» WHAT IS EXPECTED: Give the lines below again exactly, starting with the line that holds "Red Velvet Pooja" and going on through the line that holds "曹县人对做牛肉也别有一番心得".
(DATA TO EXAMINE Opens)
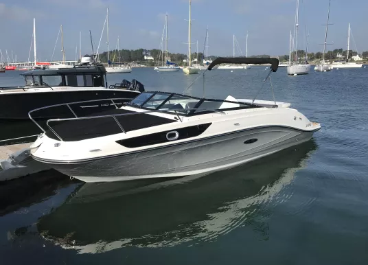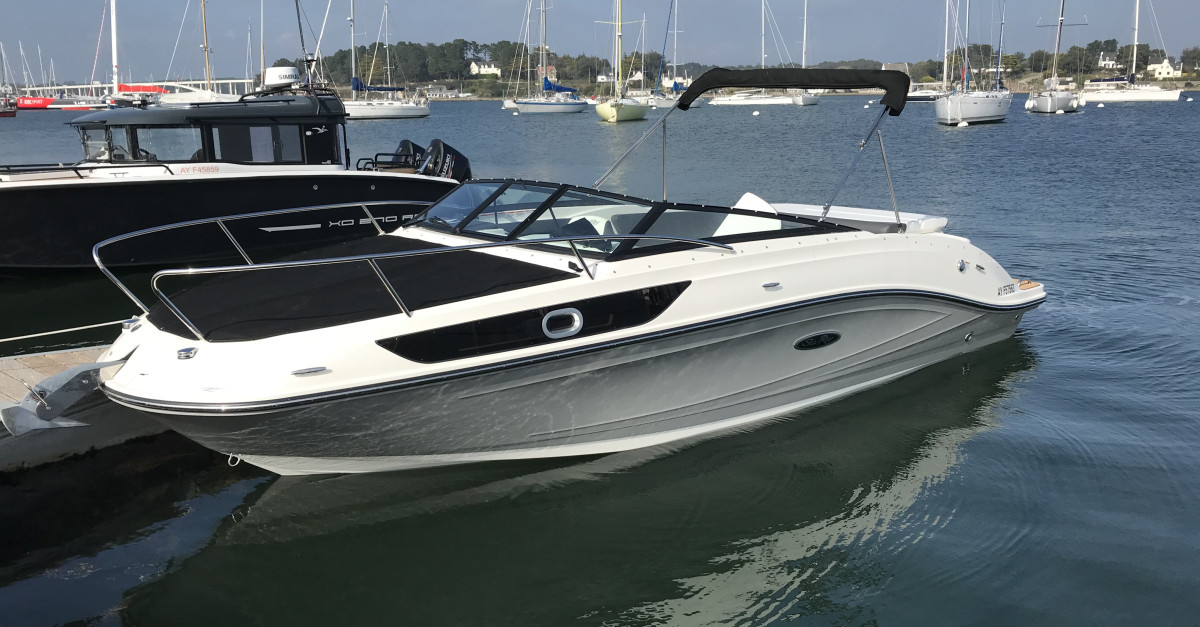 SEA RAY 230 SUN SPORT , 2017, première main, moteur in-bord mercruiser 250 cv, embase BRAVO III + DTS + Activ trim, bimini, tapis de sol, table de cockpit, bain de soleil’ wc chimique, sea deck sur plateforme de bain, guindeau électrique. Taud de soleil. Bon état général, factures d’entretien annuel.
(DATA TO EXAMINE Closes)
(DATA TO EXAMINE Opens)
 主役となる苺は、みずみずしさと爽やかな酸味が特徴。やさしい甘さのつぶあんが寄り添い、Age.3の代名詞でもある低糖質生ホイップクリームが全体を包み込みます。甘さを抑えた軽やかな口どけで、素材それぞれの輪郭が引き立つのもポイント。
(DATA TO EXAMINE Closes)
(DATA TO EXAMINE Opens)
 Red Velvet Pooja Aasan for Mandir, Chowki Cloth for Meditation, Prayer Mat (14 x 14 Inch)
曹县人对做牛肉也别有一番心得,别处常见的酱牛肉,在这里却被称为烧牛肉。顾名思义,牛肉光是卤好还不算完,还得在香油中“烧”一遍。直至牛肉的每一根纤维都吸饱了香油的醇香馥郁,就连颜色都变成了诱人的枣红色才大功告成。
(DATA TO EXAMINE Closes)
» OUTPUT FOR THIS TASK:
 Red Velvet Pooja Aasan for Mandir, Chowki Cloth for Meditation, Prayer Mat (14 x 14 Inch)
曹县人对做牛肉也别有一番心得,别处常见的酱牛肉,在这里却被称为烧牛肉。顾名思义,牛肉光是卤好还不算完,还得在香油中“烧”一遍。直至牛肉的每一根纤维都吸饱了香油的醇香馥郁,就连颜色都变成了诱人的枣红色才大功告成。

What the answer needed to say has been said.